Garantie biennale : la protection des équipements dissociables

Volets, robinetterie, radiateurs, portes intérieures : la garantie de bon fonctionnement couvre pendant 2 ans les éléments qui peuvent être démontés sans endommager la structure. Présomption de responsabilité du constructeur.

Faire valoir la garantie

Repères biennale

2 ans
Durée à compter de la réception des travaux
0
Faute à prouver — responsabilité présumée
LRAR
Notification par recommandé avec AR
30j
Délai raisonnable de réparation
Équipements couverts

Les principaux éléments relevant de la biennale

La garantie couvre les éléments d'équipement dissociables — ceux qui peuvent être retirés ou remplacés sans altérer le gros oeuvre.

Volets et stores

Volets roulants, battants, stores extérieurs. Pannes de motorisation, blocages de mécanisme, défauts de guidage. Exception : si intégré au coffre de manière indissociable, relève de la décennale.

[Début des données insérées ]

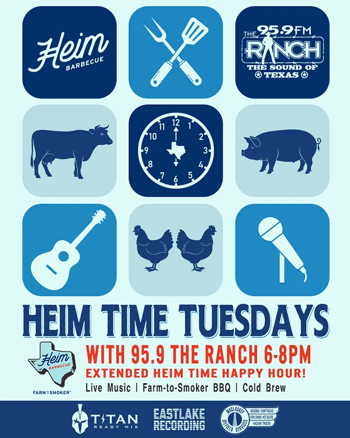 Make an evening of it with Heim’s extended happy hour featuring award-winning farm-to-smoker BBQ, cold brews, and plenty of patio vibes. Add in Ranch games, prizes, and giveaways, and you’ve got the perfect Tuesday night hang.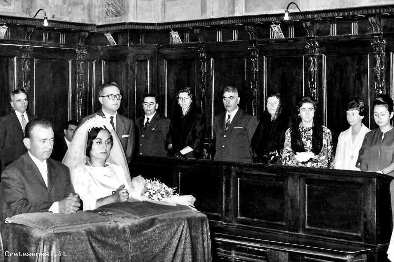 1963, Lunedì 26 Agosto - Gli sposi in chiesa a Monte Oliveto Asciano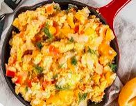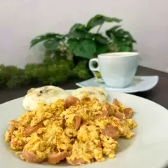 Huevos revueltos, con cebolla, tomate, salchicha Ranchera en trozos pequeños, mantequilla y sal al gusto, acompañado de porción de arroz, arepa sin sal y juguito del día

Robinetterie et sanitaires

Mitigeurs, douchettes, WC, lavabos sur colonne, chauffe-eau. Fuites, défauts de régulation, usure prématurée. Les canalisations encastrées relèvent de la décennale.

Radiateurs et chauffage

Radiateurs muraux, convecteurs, sèche-serviettes, chaudière individuelle. Pannes, bruits anormaux, fuites. Le plancher chauffant noyé dans la dalle est indissociable.

Portes intérieures

Portes de distribution, placards, coulissantes. Défauts de fermeture, quincaillerie défaillante, déformations. Les menuiseries extérieures (clos) relèvent de la décennale.

Revêtements amovibles

Parquet flottant, moquette, sol PVC, lambris clipsés. Décollements, cloques, usure prématurée. Le carrelage scellé au mortier-colle est indissociable (décennale).

Électrique et domotique

Interrupteurs, prises, VMC, alarmes, thermostats. Pannes et dysfonctionnements. Le câblage encastré et les panneaux solaires intégrés à la toiture sont indissociables.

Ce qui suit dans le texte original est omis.